# What you need to do:
Exactly and only the lines from the line holding "Сателитски снимки од" to the end of the records should be reproduced. Leave pictures out.

---*---

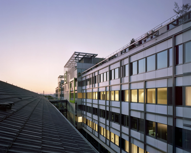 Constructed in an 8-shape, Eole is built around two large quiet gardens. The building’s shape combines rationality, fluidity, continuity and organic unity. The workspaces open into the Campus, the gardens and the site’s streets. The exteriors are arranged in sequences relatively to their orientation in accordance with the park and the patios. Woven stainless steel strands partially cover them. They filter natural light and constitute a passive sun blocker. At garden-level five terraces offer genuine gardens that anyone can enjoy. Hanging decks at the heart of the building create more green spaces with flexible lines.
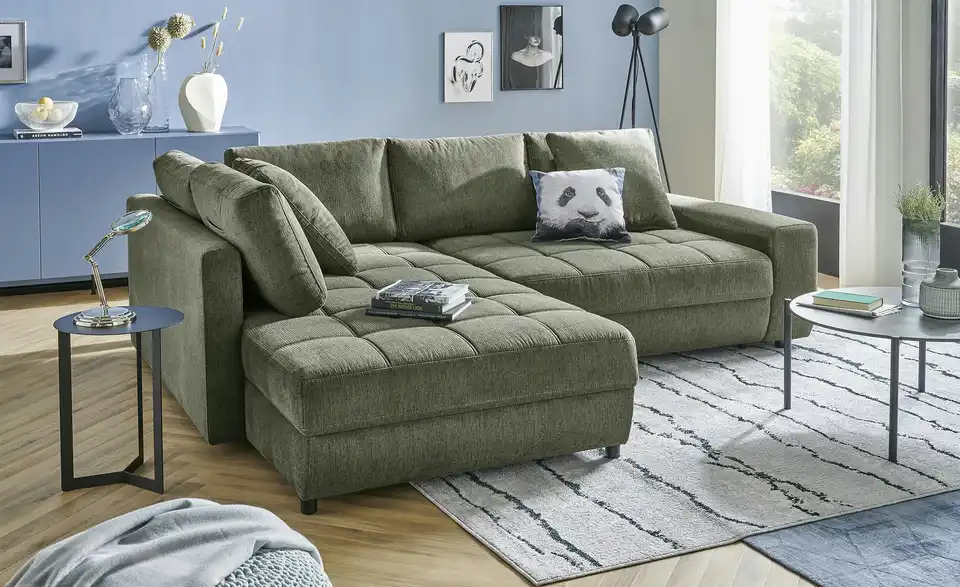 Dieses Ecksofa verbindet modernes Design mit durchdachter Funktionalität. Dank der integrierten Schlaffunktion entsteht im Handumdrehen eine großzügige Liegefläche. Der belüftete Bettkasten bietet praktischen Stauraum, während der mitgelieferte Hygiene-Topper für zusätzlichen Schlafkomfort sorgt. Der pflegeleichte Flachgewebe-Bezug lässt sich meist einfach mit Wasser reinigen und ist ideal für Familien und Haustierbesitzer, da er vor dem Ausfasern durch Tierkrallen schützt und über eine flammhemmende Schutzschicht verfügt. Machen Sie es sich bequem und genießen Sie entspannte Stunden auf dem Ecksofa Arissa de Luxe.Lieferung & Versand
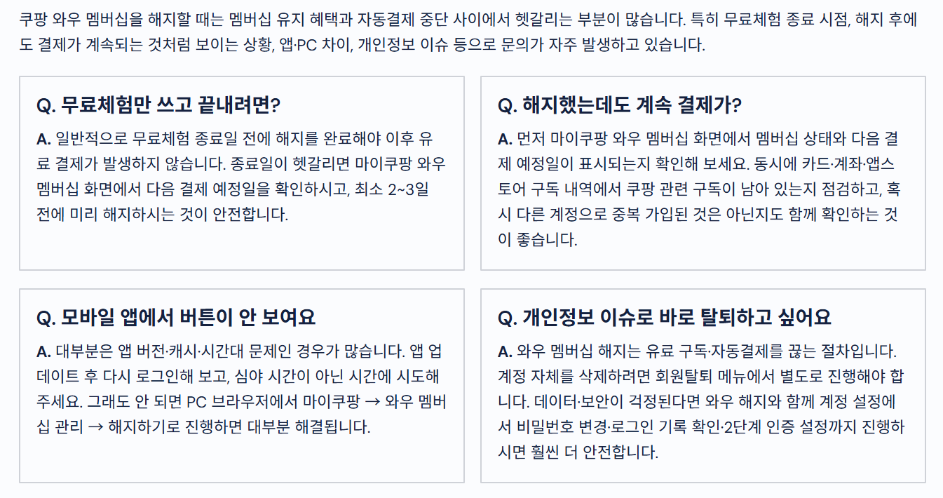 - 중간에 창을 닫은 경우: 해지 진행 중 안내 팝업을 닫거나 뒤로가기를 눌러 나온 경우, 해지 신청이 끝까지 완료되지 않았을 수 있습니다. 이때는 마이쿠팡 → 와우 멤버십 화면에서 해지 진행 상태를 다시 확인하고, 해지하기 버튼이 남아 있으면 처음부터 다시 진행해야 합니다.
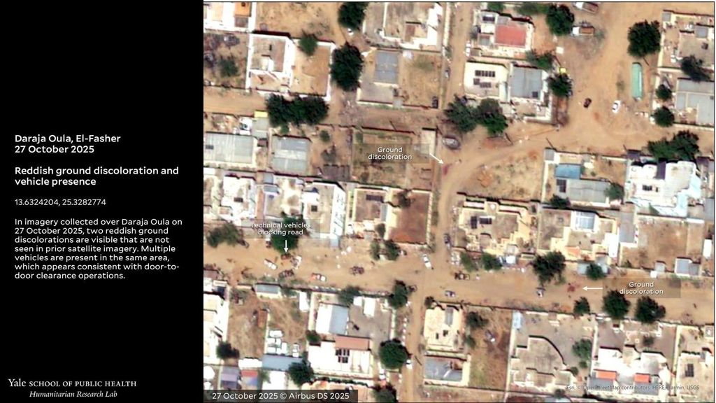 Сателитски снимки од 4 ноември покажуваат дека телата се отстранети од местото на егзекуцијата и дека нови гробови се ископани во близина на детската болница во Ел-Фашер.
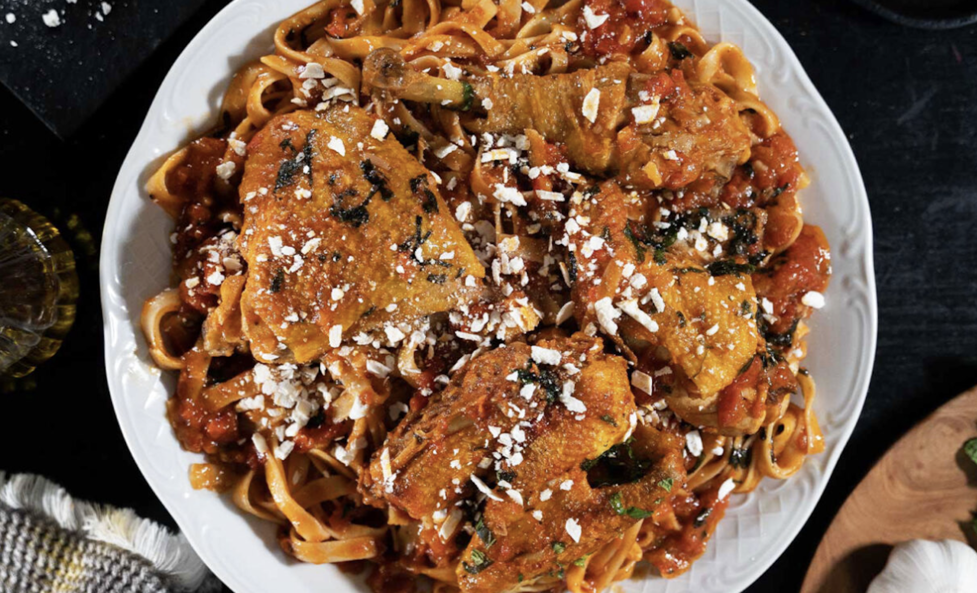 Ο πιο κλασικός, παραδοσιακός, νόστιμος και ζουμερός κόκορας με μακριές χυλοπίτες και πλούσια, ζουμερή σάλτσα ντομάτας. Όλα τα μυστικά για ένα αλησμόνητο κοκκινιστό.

---*---

# Completed exercise:
 Сателитски снимки од 4 ноември покажуваат дека телата се отстранети од местото на егзекуцијата и дека нови гробови се ископани во близина на детската болница во Ел-Фашер.
 Ο πιο κλασικός, παραδοσιακός, νόστιμος και ζουμερός κόκορας με μακριές χυλοπίτες και πλούσια, ζουμερή σάλτσα ντομάτας. Όλα τα μυστικά για ένα αλησμόνητο κοκκινιστό.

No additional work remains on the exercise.